§ MATERIAL FOR THIS TASK
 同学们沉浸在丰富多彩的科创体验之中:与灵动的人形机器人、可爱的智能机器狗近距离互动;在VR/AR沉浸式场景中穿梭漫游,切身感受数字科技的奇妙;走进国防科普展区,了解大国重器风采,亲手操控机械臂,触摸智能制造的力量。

==

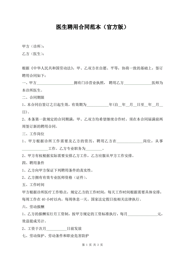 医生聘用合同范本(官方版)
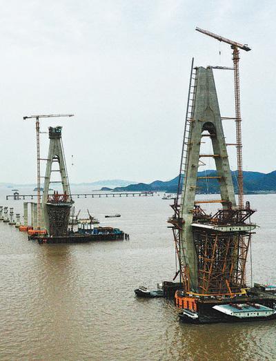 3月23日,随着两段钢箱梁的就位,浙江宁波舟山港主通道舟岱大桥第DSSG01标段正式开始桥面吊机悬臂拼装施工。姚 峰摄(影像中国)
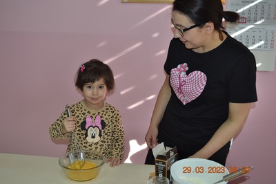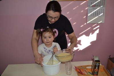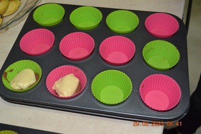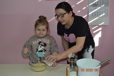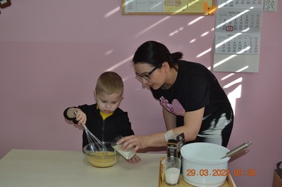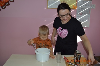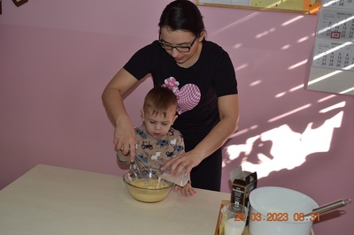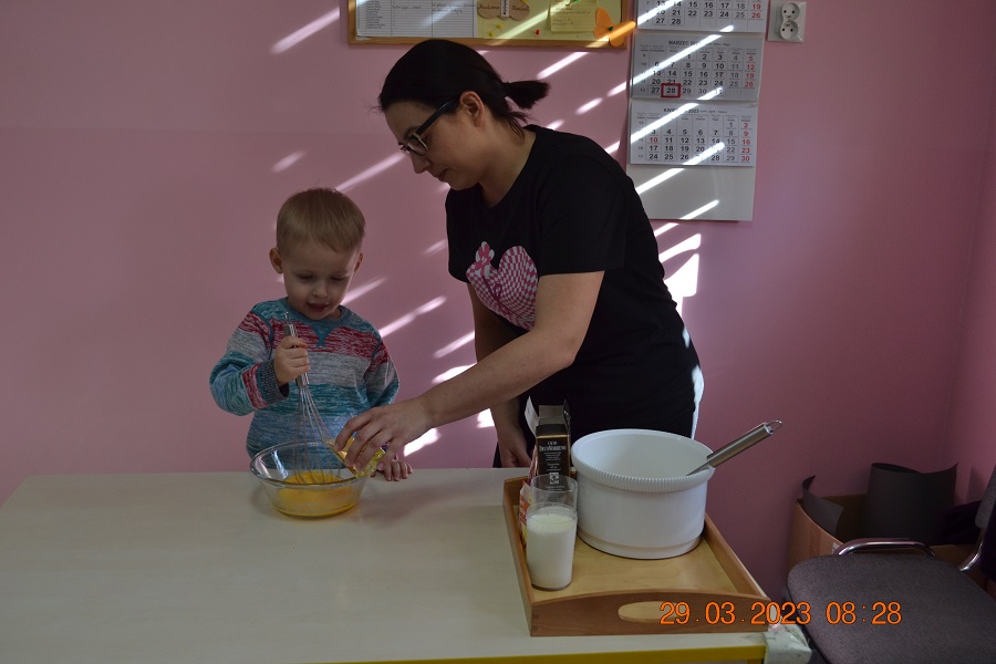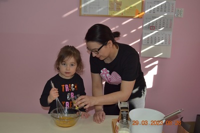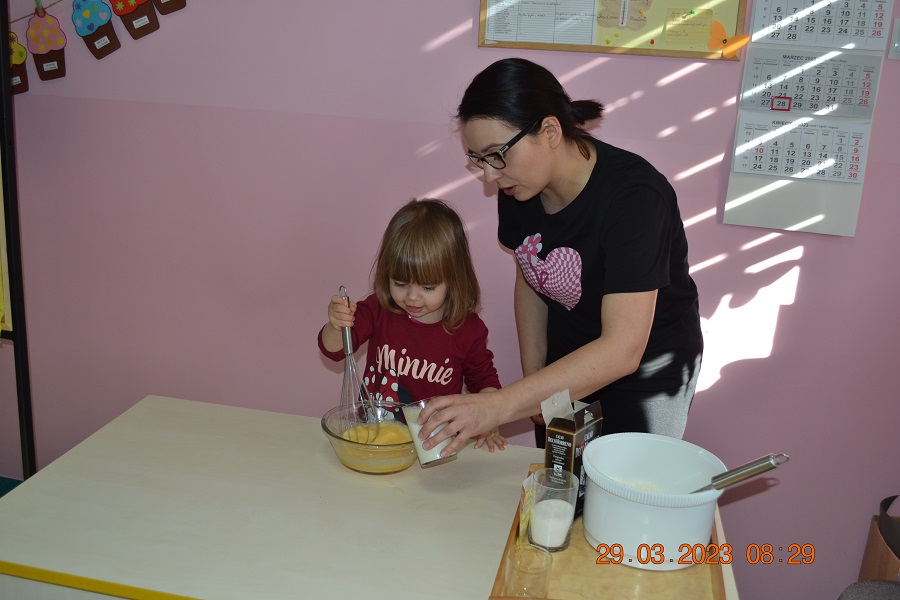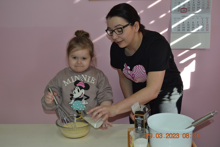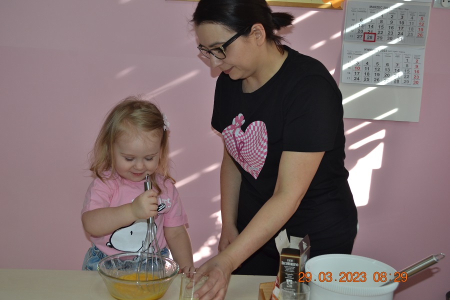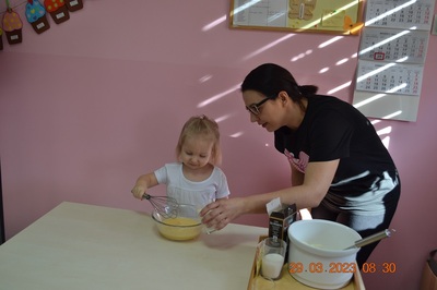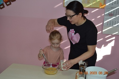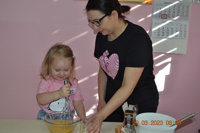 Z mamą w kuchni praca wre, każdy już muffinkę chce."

§ ABOUT THIS EXERCISE
In the data above, start at the line holding "3月23日,随着两段钢箱梁的" and stop after the line holding "Z mamą w kuchni"; write out those lines exactly, without pictures.

§ RESULT FOR THIS TASK
 3月23日,随着两段钢箱梁的就位,浙江宁波舟山港主通道舟岱大桥第DSSG01标段正式开始桥面吊机悬臂拼装施工。姚 峰摄(影像中国)
 Z mamą w kuchni praca wre, każdy już muffinkę chce."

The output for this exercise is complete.